If subtitle burning fails, the video still gets assembled, just without the text overlay. For Shorts this matters a lot since most people watch without sound.

How to try it yourself

Prerequisites:

Node.js 22+
FFmpeg with libass: brew install libass && brew install ffmpeg
API keys for Anthropic, OpenAI, Fal.ai, and ElevenLabs

Setup:

git clone https://github.com/caden311/content-generator
cd content-generator
npm install

Create a .env file:

ANTHROPIC_API_KEY=your_key
OPENAI_API_KEY=your_key
FAL_KEY=your_key
ELEVENLABS_API_KEY=your_key

Write a script. Plain text, narration style, a few paragraphs. The shorter the better for Shorts. Save it as script.txt.

Generate:

# YouTube Short (9:16, 60s max)
npm run generate -- script.txt --format shorts

# Standard YouTube video (16:9)
npm run generate -- script.txt

# Dry run (no API calls, generates placeholder media)
npm run generate -- script.txt --dry-run

Output lands in ./output/001_your-video-title/output.mp4 alongside a breakdown.json, upload.json with YouTube metadata, and all the intermediate assets.

Model tiers:

Tier	Images	TTS
`budget`	FLUX Schnell	OpenAI TTS
`standard`	FLUX Schnell	ElevenLabs
`premium`	DALL-E 3	ElevenLabs

All tiers use Kling for video generation. You can switch with --tier premium.

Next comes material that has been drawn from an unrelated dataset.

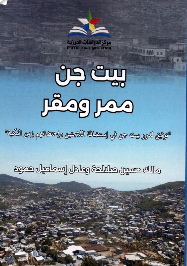 طالعنا الكاتبان والأُستاذان العزيزان مالك حسين صَلالحة وعادل إِسماعيل خطَّار حمُّود، بكتاب فريدٍ من نوعه، بحُلَّة قشيبةٍ جميلةٍ، تظهر فيها صورة بيت جن الأَبيَّة في أَعالي جبل الجرمق في جليل بلادي، يحكي لنا بشكلٍ توثيقيٍّ محكيٍّ عن بيت جن وأَهل بيت جن حين استضافوا اللاجئين والنَّازحين وأَحسنوا وفادتهم وأَبدعوا في احتضانهم وعنايتهم وحمايتهم من مجهول مكروهٍ، حيث تقاسموا معهم لقمة العيش بكرمٍ وجودٍ وتفانٍ زمن النَّكبة، تحت عنوان “بيت جن ممرٌّ ومقرٌّ”..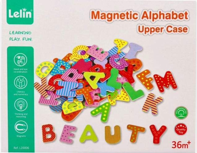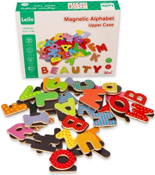 Acest set de litere magnetice din lemn sprijină învățarea naturală prin joc. Datorită spatelui magnetic, aderă pe frigider, tablă magnetică sau suprafețe metalice, astfel încât copiii pot învăța ușor alfabetul, formarea silabelor și a primelor cuvinte.

Cost estimate: A standard 4-scene Short runs roughly $0.30-0.60 depending on the tier. Most of that is Kling. Image and TTS costs are small.

Where it is now

It works. The output quality is… fine. Kling generates reasonably coherent motion clips. The ElevenLabs voice sounds natural. The visuals are a little random since there’s no style consistency between scenes, but for a weekend experiment it’s genuinely impressive that it works at all.

The project is not something I’m actively maintaining. It was a curiosity project that answered its question: yes, you can generate short-form video content from a text file in an afternoon. Whether the content is actually good is a separate problem.

What I’d do differently

Add background music. The biggest thing missing from the generated Shorts is audio atmosphere. The narration sits on dead silence, which feels unpolished. Adding a royalty-free background track and ducking it under the voiceover would make a meaningful difference to the final feel.

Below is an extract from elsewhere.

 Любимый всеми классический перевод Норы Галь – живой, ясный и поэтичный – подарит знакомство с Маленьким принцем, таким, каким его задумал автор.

Measure real audio duration for subtitle offsets. As mentioned above, using the target durationSeconds from Claude instead of the actual audio file length causes subtitle drift. A single ffprobe call per scene at assembly time would fix it.

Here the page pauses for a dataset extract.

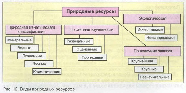 Россия на карте мира. Природные условия и ресурсы России § 7. Природные ресурсы РоссииВспомните Что вы узнали о природных ресурсах России в прошлом учебном году? Природные ресурсы РоссииОчевидно, что хозяйственная деятельность сильнейшим образом зависит от наличия природных ресурсов. Вспомним определение понятия «природные ресурсы», которое давалось в прошлом году. Природные ресурсы — это все компоненты природы, которые используются или могут быть использованы человеком в хозяйственных целях. Существует много классификаций природных ресурсов (рис. 12). Мы будем пользоваться самой простой из них — природной, или генетической, классификацией.

Add a visual style constraint to image prompts. Right now each scene generates an image independently, so the visual style can jump around. Injecting a consistent style prefix into every image prompt (something like “cinematic, warm color grading, consistent lighting”) would make multi-scene videos look less like a random slideshow.

The underlying approach is solid. The pipeline architecture, the parallel asset generation, the adapter pattern for swapping providers: all of that held up. The rough edges are mostly surface-level quality problems that more prompt engineering and one or two extra processing steps would fix.